Александр Бушков - Пиранья. Алмазный спецназ
– С чего вы взяли? – откликнулся Шарль довольно хладнокровно, продолжая вести самолет н о в ы м курсом.
– Вы отклонились от утвержденного маршрута. У меня с собой навигационный прибор, я прекрасно понял...
Сидевший вполоборота к двум оставшимся пассажирам Мазур видел, что Анка готова вскочить, а лейтенант подался вперед, с нехорошим выражением лица. Вряд ли они что-то подозревали. Скорее уж, дело обстоит классическим образом: им назвали несколько ключевых п о з и ц и й, предупредив, что в случае малейших изменений реагировать следует предельно жестко, пресекать, возвращать события в прежнее состояние...
– Знать не знаю ни про какие в а ш и маршруты, – рявкнул в ответ Шарль, очевидно, как и Мазур, приверженец здоровой наглости. – У меня свои инструкции. Какой еще маршрут?
– Утвержденный правилами.
– Чихать мне на правила. У меня свои.
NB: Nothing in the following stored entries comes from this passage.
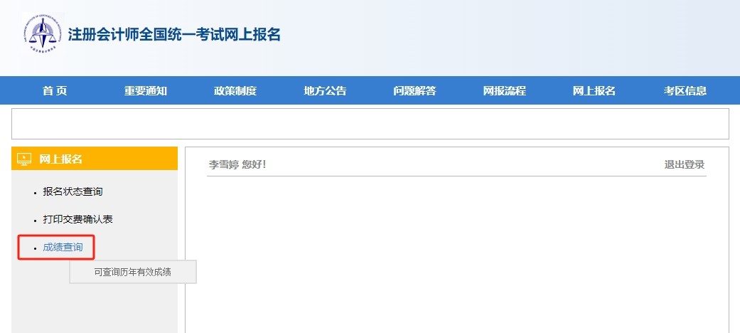 第4步:登錄成功后,點擊左側“成績查詢”按鈕。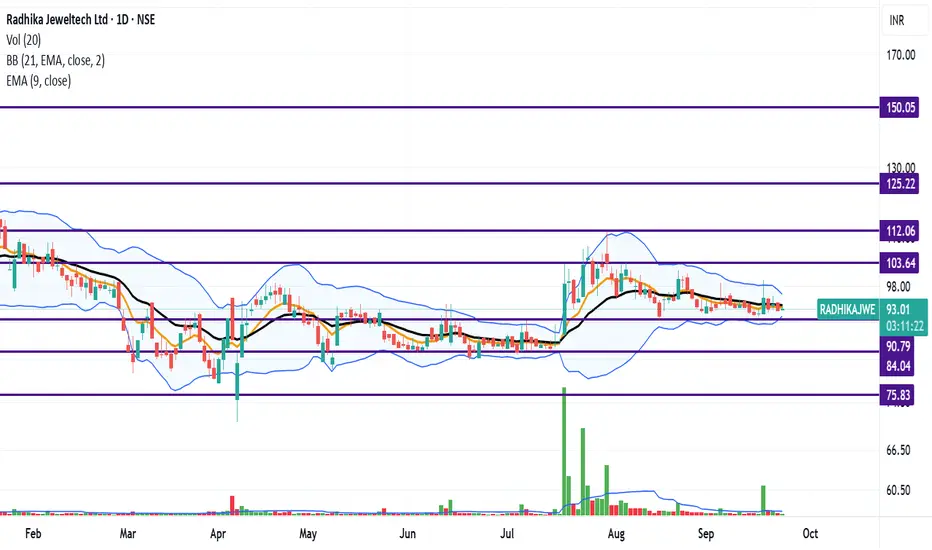 Radhika Jeweltech is trading below important crossover level 9 EMA(Orange Line) just below the 21 EMA (Black Line).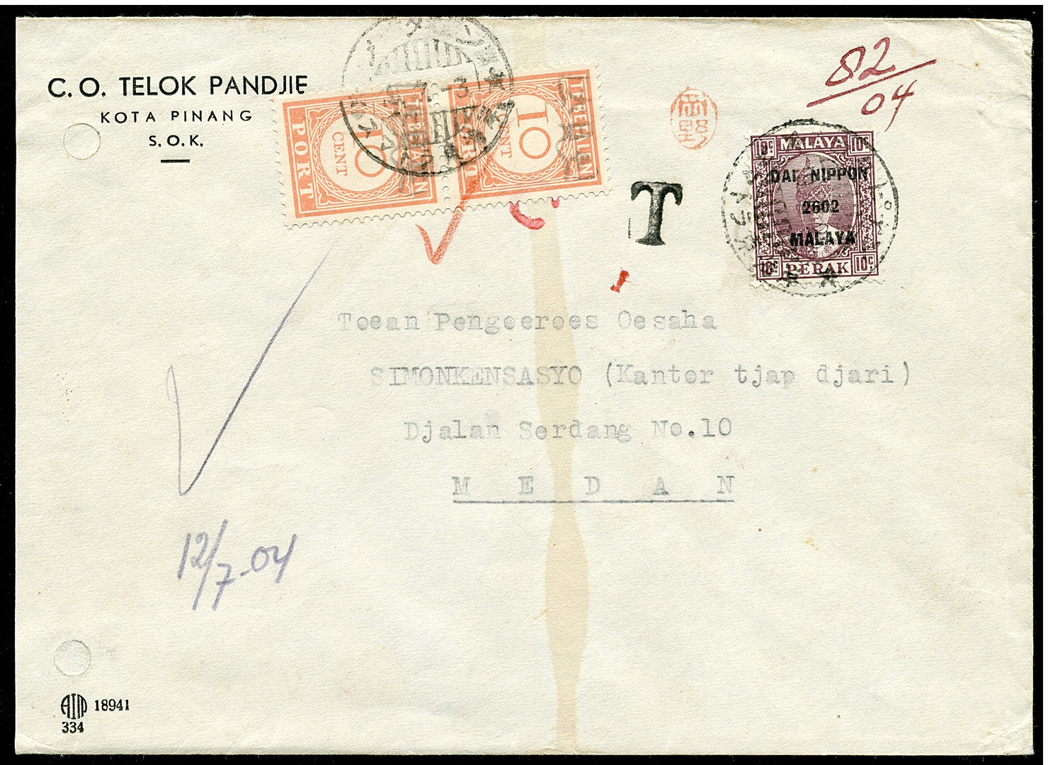 10 Cent Malaya no. M4 on cover (2 pinholes repaired) from Kotapinang 19.7.2 (type 200) to Medan, postage due of 10 cent with framed Dai Ni Hon overprint no. 83z-6a in pair affixed and cancelled 19.7.-3 (type 200) as if the Malayan stamp was invaled (or the cover was of the 2nd weight class). Censor Bu.JC16

Я обязан груз доставить в целости и сохранности, а не баловать с...
– На прежний курс! – вовсе уж несгибаемо рявкнул капитан, выхватывая из-под пиджака «Скорпион». – Стрелять буду!
Кургузенькое дуло маячило у виска пилота, что, в общем, было совершеннейшим идиотством – или капитан умел, как и Мазур, управлять такими игрушками и полагал, что в случае чего справится сам?
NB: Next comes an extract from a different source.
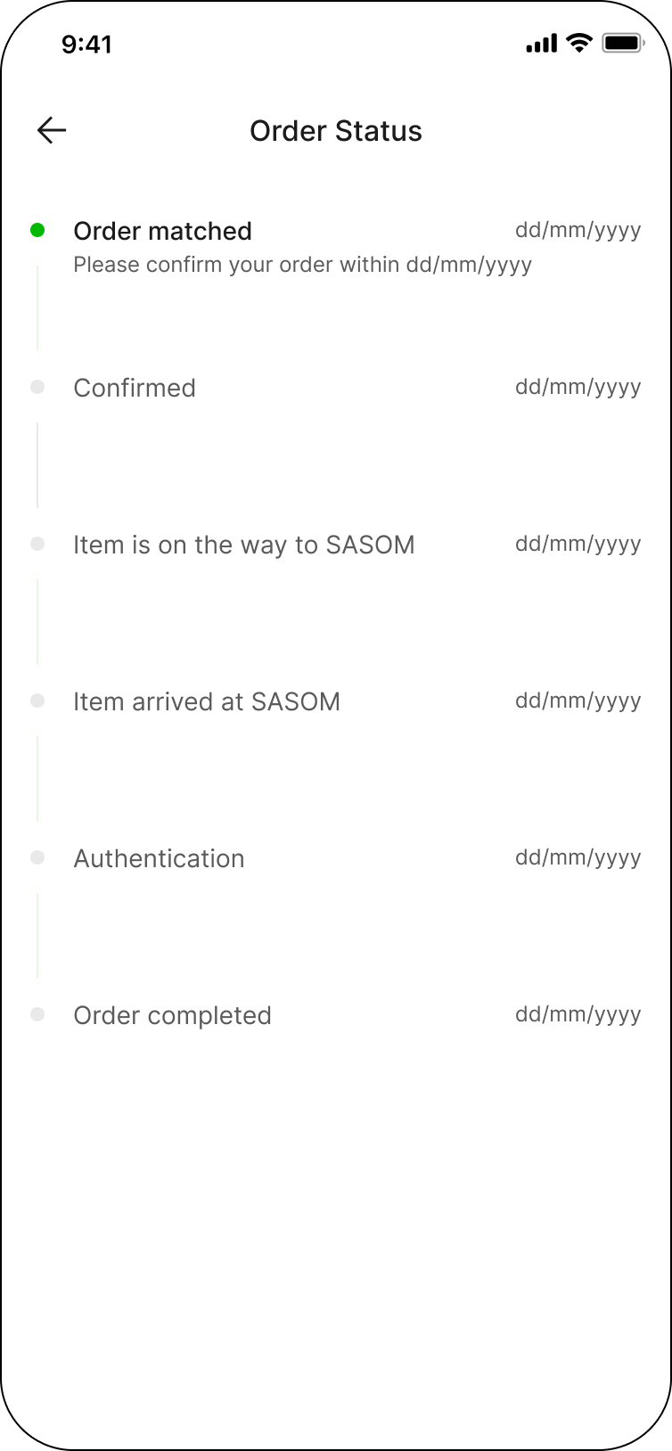 All of your orders will be categorized according to their order statuses: Pending, Confirmed, and Completed.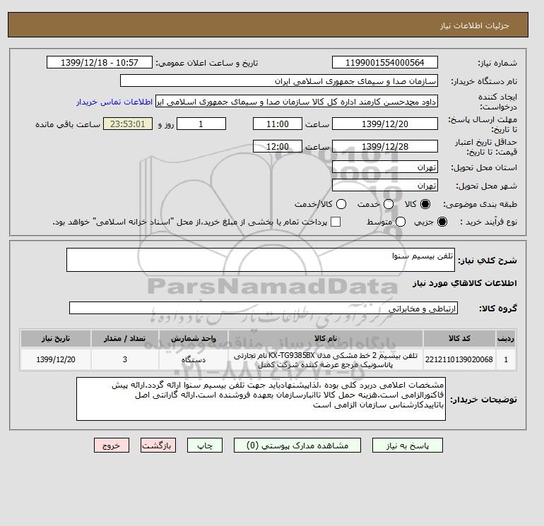 نام دستگاه خریدار:سازمان صدا و سیمای جمهوری اسلامی ایران

Шарль что-то сделал – в тот самый момент, когда Мазур, увидев быстрый жест Анки, прыгнул на капитана.
Слишком многое произошло одновременно.
Самолет провалился вправо и вниз, задирая левое крыло градусов на сорок пять, Мазур и Анка столкнулись в проходе, треснувшись висками так, что в глазах искры засверкали, машину крутануло в парочке причудливых виражей, оглушительно стрекотнула близкая очередь, салон заволокло тухлой вонью порохового чада... Что-то обожгло Мазуру макушку. Вскрик, треск, мельтешение разноцветных пятен за окнами, тугие струйки воздуха, ударившие в лицо, словно жесткие прутья сухого кустарника...
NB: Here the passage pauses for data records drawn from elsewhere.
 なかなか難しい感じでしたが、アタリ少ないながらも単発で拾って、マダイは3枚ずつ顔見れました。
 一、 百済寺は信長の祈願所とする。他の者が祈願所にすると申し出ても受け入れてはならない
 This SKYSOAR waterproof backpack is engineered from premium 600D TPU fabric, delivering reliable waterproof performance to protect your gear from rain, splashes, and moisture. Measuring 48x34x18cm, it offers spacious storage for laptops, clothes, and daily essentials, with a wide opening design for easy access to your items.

Руководствуясь исключительно звериным инстинктом, а не человеческим рассудком, Мазур ухитрился развернуться на месте, упал на мягкий, чистейший пол, крытый синим синтетиком, одновременно выхватывая револьвер, выбрасывая вперед руку с оружием, нажал на спуск...
Лейтенанта выбросило из кресла, он завалился набок, выпустил «Скорпион», рухнул с неуклюжестью уже неживого. Над головой Мазура захлопали новые выстрелы. Самолет уже швыряло, болтало, трясло, то неимоверная тяжесть наваливалась, то, полное впечатление, взлетаешь к потолку, не чувствуя заходящегося сердца...
Моторы звучали как-то странно, ненормально. Невероятным усилием Мазур ухитрился извернуться, цепляясь одной рукой за ближайшее кресло, поднялся на ровные ноги и встал в проходе, удерживаясь вертикально, как ни мотало.
Уши резанул отчаянный визг – это Анка, расставшись с суперменистостью, чуть ли не ультразвук испускала.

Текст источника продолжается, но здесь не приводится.